Section 3.12 Entire Agreement. This Agreement and the Merger Agreement are intended by the parties as a final expression of their agreement and intended to be a complete and exclusive statement of the agreement and understanding of the parties hereto in respect of the subject matter contained herein or therein. There are no restrictions, promises, warranties or undertakings, other than those set forth or referred to herein or therein with respect to the rights granted by the Company set forth herein or therein. This Agreement and the Merger Agreement supersede all prior agreements and understandings between the parties with respect to such subject matter.
Section 3.13 Term; Amendment. This Agreement shall automatically terminate and be of no further force and effect on the date on which there are no Registrable Securities; provided that the provisions of Sections 2.9, 2.10, 2.11, 2.12 and 2.13 shall survive any termination of this Agreement. This Agreement may be amended only by means of a written amendment signed by the Company and the Holders of a majority of the then outstanding Registrable Securities; provided, however, that no such amendment shall materially and adversely affect the rights of any Holder hereunder without the consent of such Holder.
Section 3.14 No Presumption. In the event any claim is made by a party relating to any conflict, omission, or ambiguity in this Agreement, no presumption or burden of proof or persuasion shall be implied by virtue of the fact that this Agreement was prepared by or at the request of a particular party or its counsel.

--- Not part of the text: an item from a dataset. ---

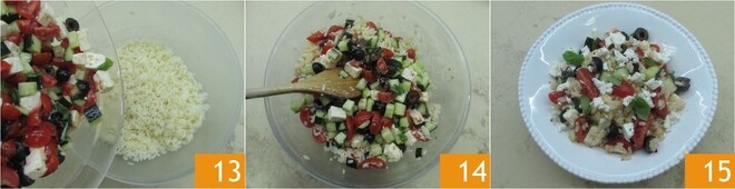 Quando o arroz estiver frio, adicione o tempero 13 e misture bem tudo 14. Sua salada de arroz à grega está pronta para ser saboreada 15!

Section 3.15 Obligations Limited to Parties to Agreement. Each of the parties hereto covenants, agrees and acknowledges that no Person other than the Company, the Shareholders and their respective permitted assignees shall have any obligation hereunder and that, notwithstanding that one or more of the Company and the Shareholders may be a corporation, partnership or limited liability company, no recourse under this Agreement or under any documents or instruments delivered in connection herewith or therewith shall be available against any former, current or future director, officer, employee, agent, general or limited partner, manager, member, shareholder or Affiliate of any of the Company, the Shareholders or their respective permitted assignees, or any former, current or future director, officer, employee, agent, general or limited partner, manager, member, shareholder or Affiliate of any of the foregoing, whether by the enforcement of any assessment or by any legal or equitable proceeding, or by virtue of any applicable law, it being expressly agreed and acknowledged that no personal liability whatsoever shall attach to, be imposed on or otherwise by incurred by any former, current or future director, officer, employee, agent, general or limited partner, manager, member, shareholder or Affiliate of any of the Company, the Shareholders or any of their respective assignees, or any former, current or future director, officer, employee, agent, general or limited partner, manager, member, shareholder or Affiliate of any of the foregoing, as such, for any obligations of the Company, the Shareholders or their respective permitted assignees under this Agreement or any documents or instruments delivered in connection herewith or therewith or for any claim based on, in respect of or by reason of such obligation or its creation, except in each case for any assignee of the Shareholders hereunder.